## TASK ITEM
Nothing after the line with "棣|DI_HOME retro small" belongs in the copy; extract the lines below from the top through that line, pictures left out.

## EXCERPTED DATA

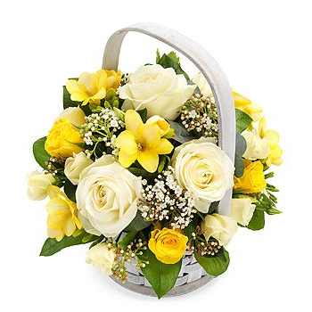 A pretty white wash basket arrangement containing white and yellow Roses together with yellow Lisianthus and white Viburnum.
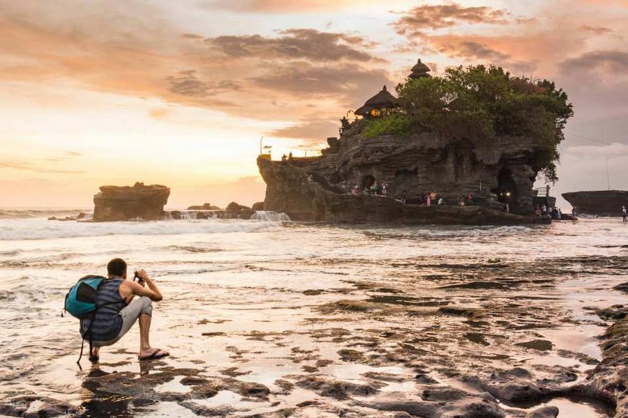 望著海神廟的日落!用相機捕捉各個美麗瞬間。海神廟獨自聳立在海中的大岩石上,是峇里島最具標誌性和最適合拍照的景點之一。親眼見證夕陽從寺廟後方落下,可以說是每位來到峇里島觀光的遊客一定要參與的行程。
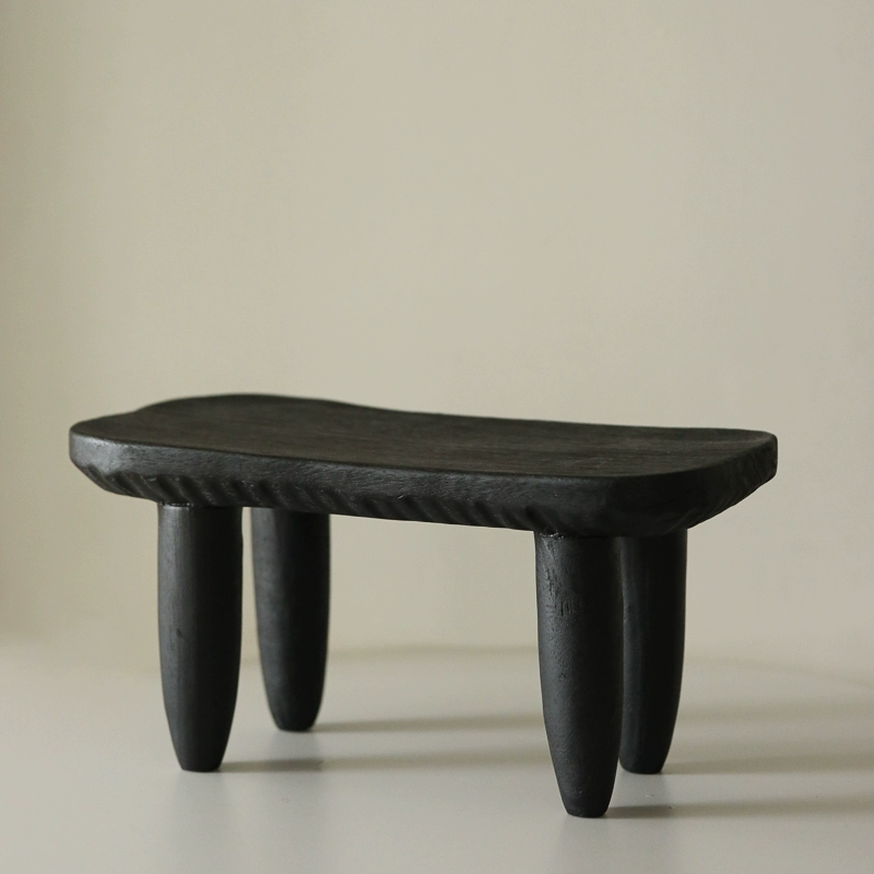 棣|DI_HOME retro small stool carpet bay window small side table wabi-sabi style black bench solid wood handmade
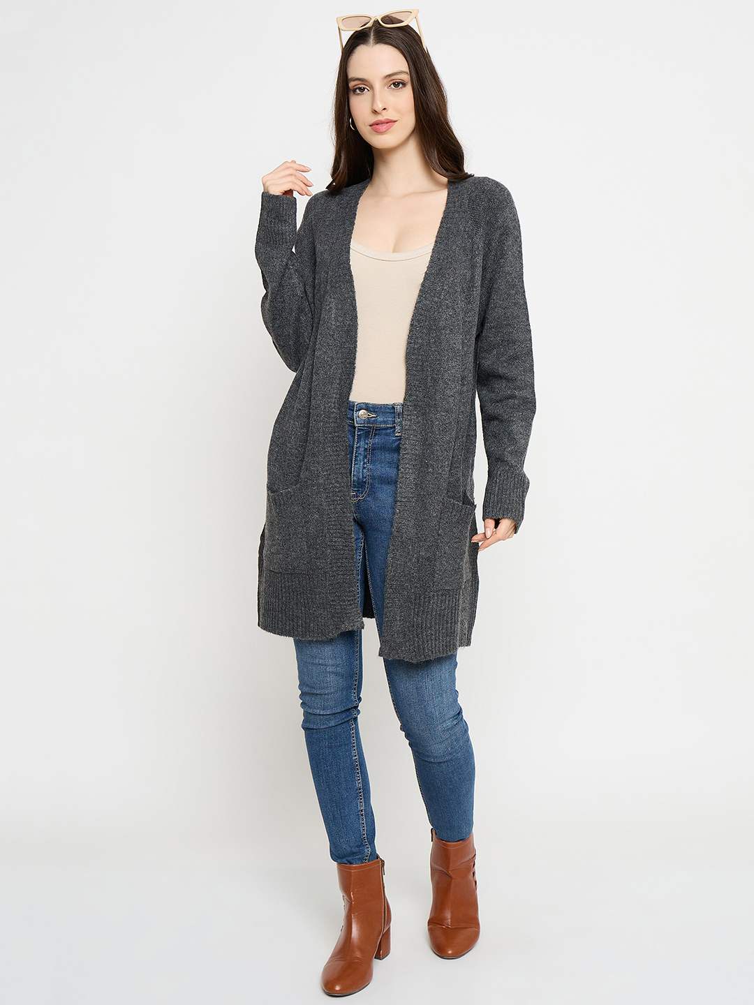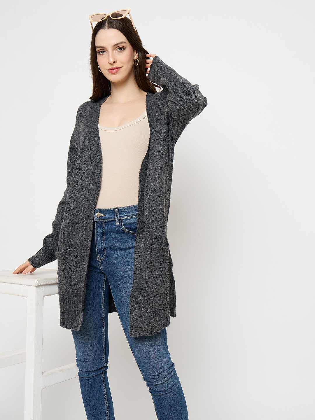 Wrap yourself in this long, open shrug in a rich grey hue that blends warmth with versatility. It is crafted from soft acrylic for a cozy layering effect. Lightweight yet stylish, it elevates any outfit while keeping comfort at the forefront.
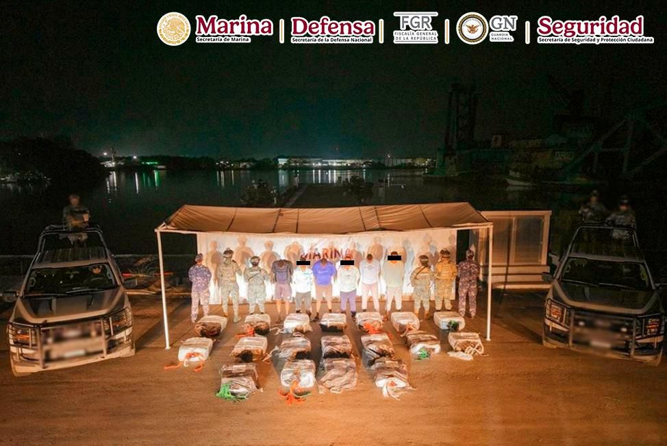 La acción fue encabezada por la Secretaría de Marina (Semar), a través de la Armada de México en funciones de Guardia Costera, en coordinación con la Fiscalía General de la República (FGR) y la Secretaría de Seguridad y Protección Ciudadana (SSPC).
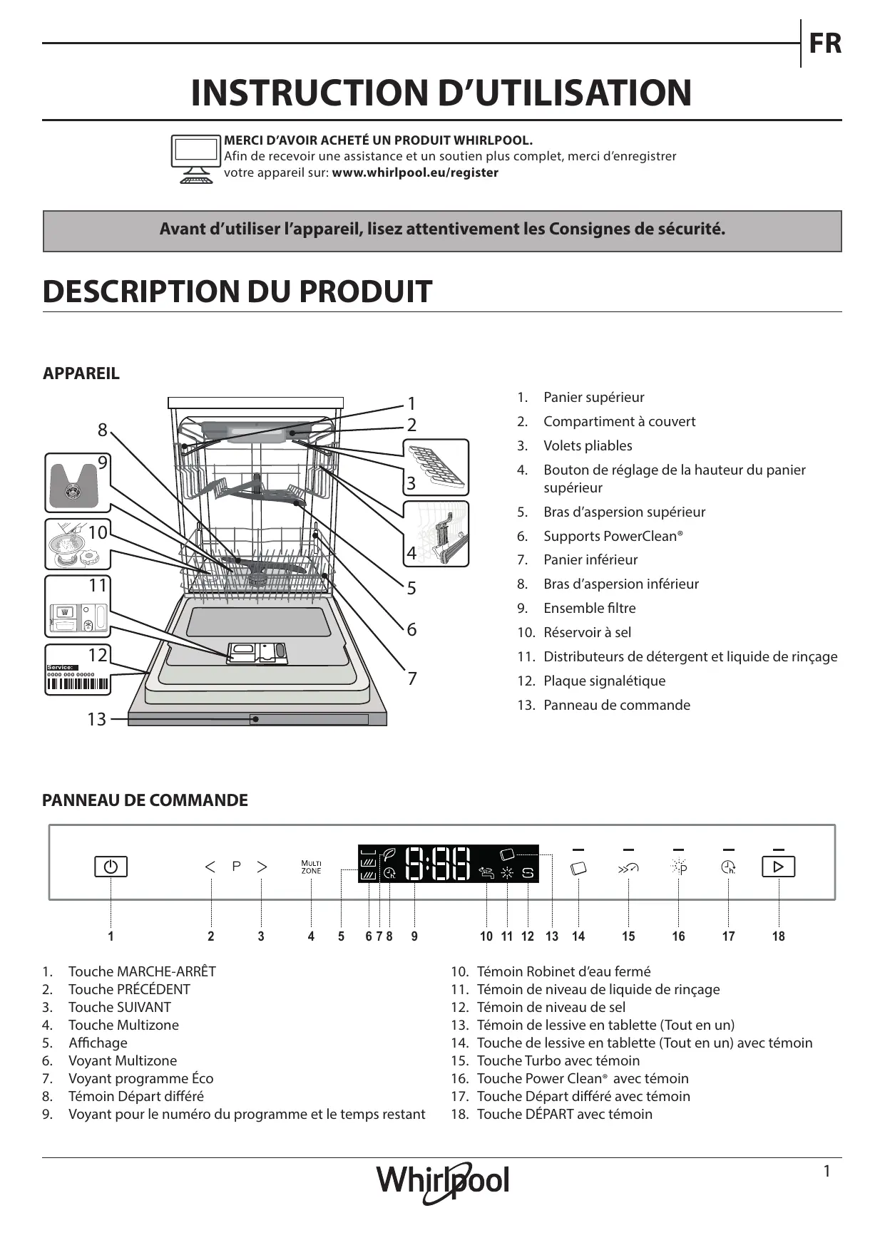 MERCI D’AVOIR ACHETÉ UN PRODUIT WHIRLPOOL. Afin de recevoir une assistance et un soutien plus complet, merci d’enregistrer votre appareil sur: www.whirlpool.eu/register Avant d’utiliser l’appareil, lisez attentivement les Consignes de sécurité.
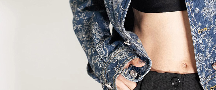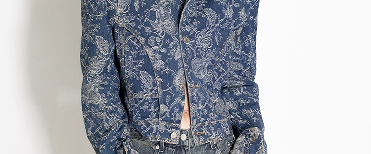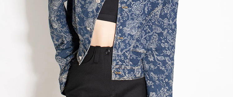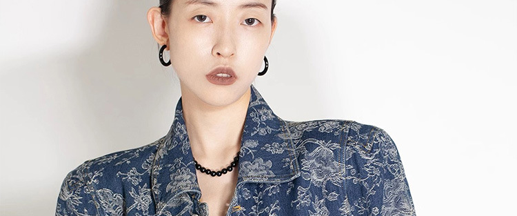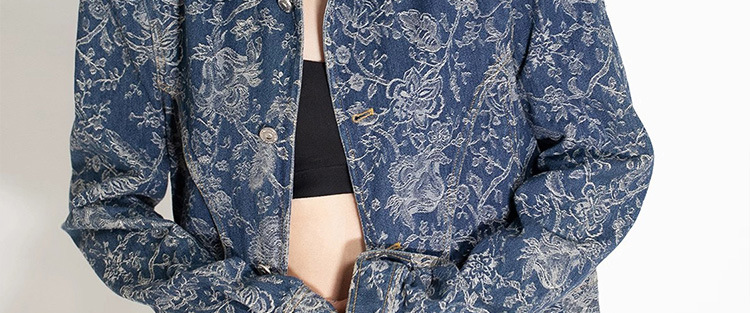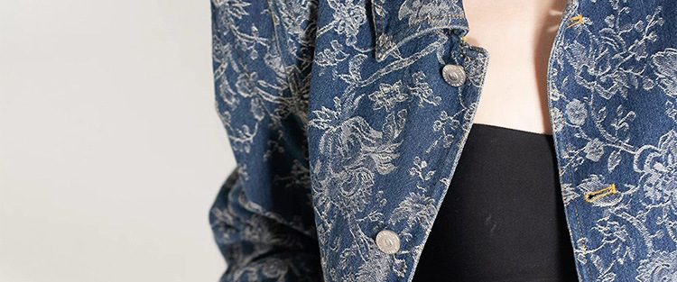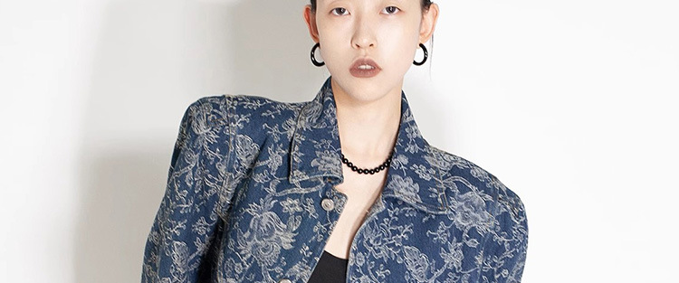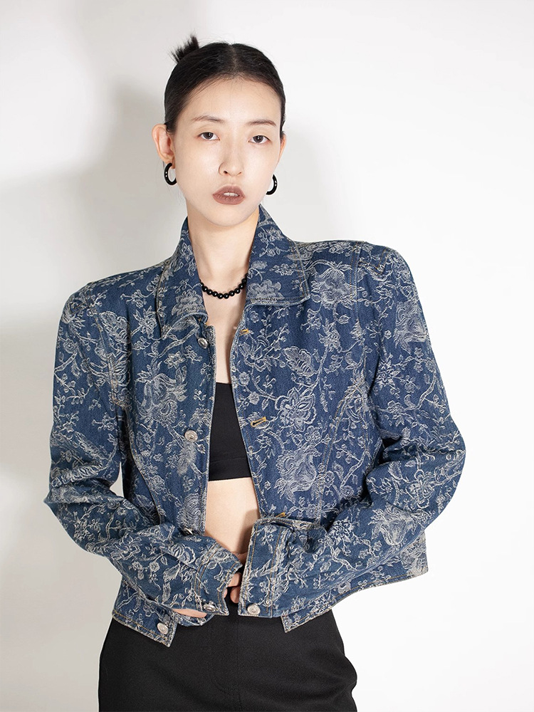 파란색과 흰색 도자기 자수 데님 코트 여성 2025 봄과 여름 새로운 틈새 디자인 복고풍 인쇄 통근 느슨한 재킷스토어 가기
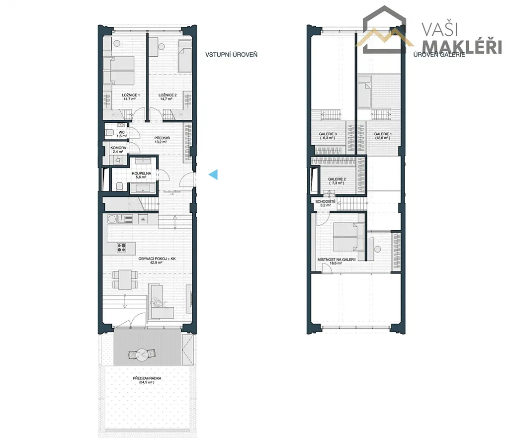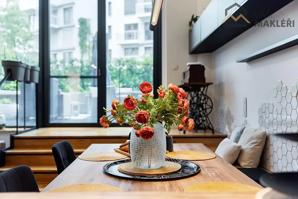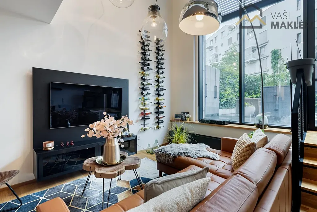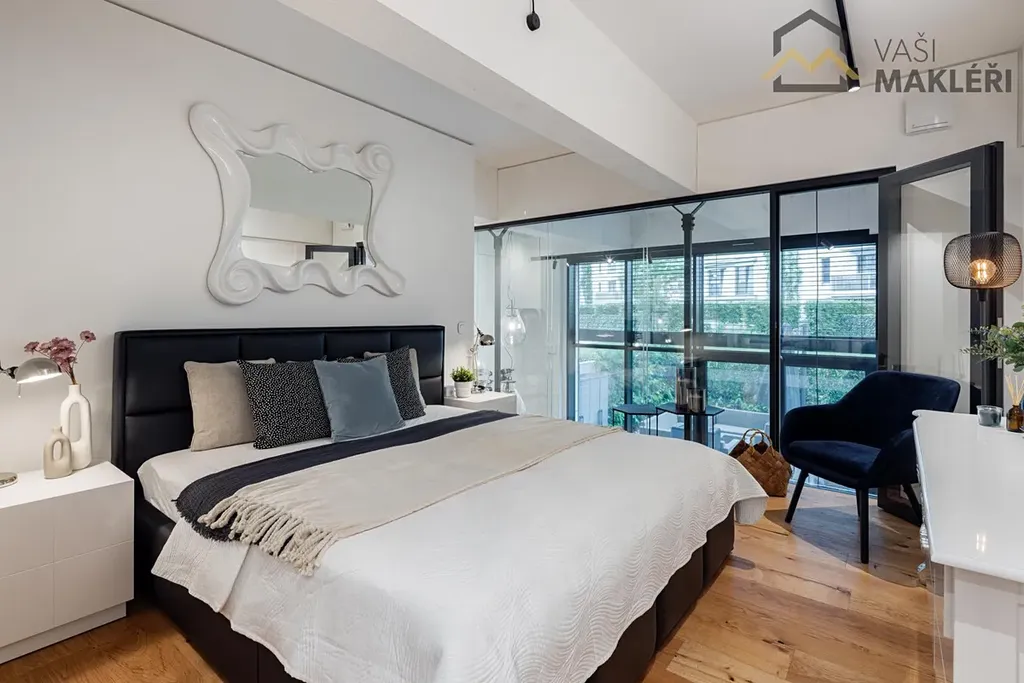 Dominantou bytu je vzdušný obývací prostor s vysokými stropy, velkoformátovými okny a plně vybavenou kuchyní na míru, odkud se vychází na útulnou předzahrádku orientovanou do zeleně. Galerii nad obývacím pokojem lze využít jako pracovnu nebo klidovou zónu, zároveň navazuje na ložnici se soukromou šatnou, umístěnou v elegantně zasklené části bytu. Dvě další ložnice jsou prakticky odděleny, každá s vlastní galerií, a nabízejí flexibilní využití podle individuálních potřeb.

## EXERCISE ANSWER
 A pretty white wash basket arrangement containing white and yellow Roses together with yellow Lisianthus and white Viburnum.
 望著海神廟的日落!用相機捕捉各個美麗瞬間。海神廟獨自聳立在海中的大岩石上,是峇里島最具標誌性和最適合拍照的景點之一。親眼見證夕陽從寺廟後方落下,可以說是每位來到峇里島觀光的遊客一定要參與的行程。
 棣|DI_HOME retro small stool carpet bay window small side table wabi-sabi style black bench solid wood handmade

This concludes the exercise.